---- Supplied data

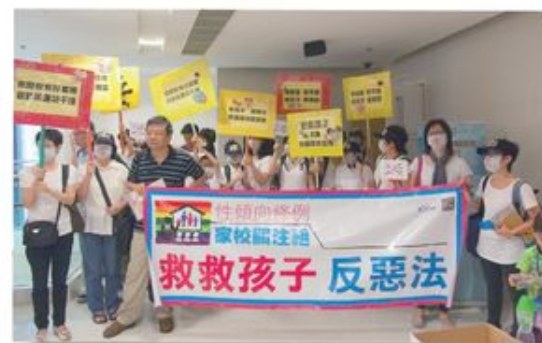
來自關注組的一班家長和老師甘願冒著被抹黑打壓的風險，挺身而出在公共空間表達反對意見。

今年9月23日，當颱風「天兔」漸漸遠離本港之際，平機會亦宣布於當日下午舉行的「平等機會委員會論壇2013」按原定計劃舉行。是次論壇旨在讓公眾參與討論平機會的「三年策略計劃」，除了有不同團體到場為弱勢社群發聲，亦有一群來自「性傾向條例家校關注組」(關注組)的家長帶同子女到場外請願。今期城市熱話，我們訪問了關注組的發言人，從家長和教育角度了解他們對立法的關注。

--------
---- Supplied data

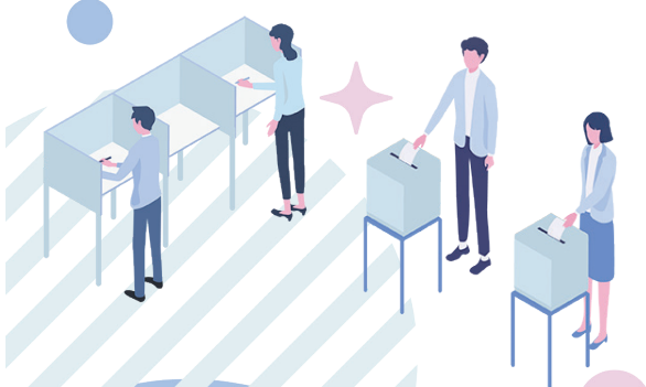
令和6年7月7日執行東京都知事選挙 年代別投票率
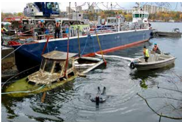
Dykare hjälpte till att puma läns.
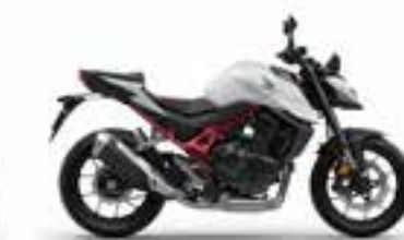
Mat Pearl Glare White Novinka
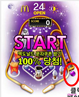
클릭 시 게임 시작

--------

### What to work on
When the line with "來自關注組的一班家長和老師甘" is reached in the data above, begin copying, and stop after the line with "今年9月23日，當颱風「天兔"; copy each line exactly, both ends included.

### Expected answer
來自關注組的一班家長和老師甘願冒著被抹黑打壓的風險，挺身而出在公共空間表達反對意見。

今年9月23日，當颱風「天兔」漸漸遠離本港之際，平機會亦宣布於當日下午舉行的「平等機會委員會論壇2013」按原定計劃舉行。是次論壇旨在讓公眾參與討論平機會的「三年策略計劃」，除了有不同團體到場為弱勢社群發聲，亦有一群來自「性傾向條例家校關注組」(關注組)的家長帶同子女到場外請願。今期城市熱話，我們訪問了關注組的發言人，從家長和教育角度了解他們對立法的關注。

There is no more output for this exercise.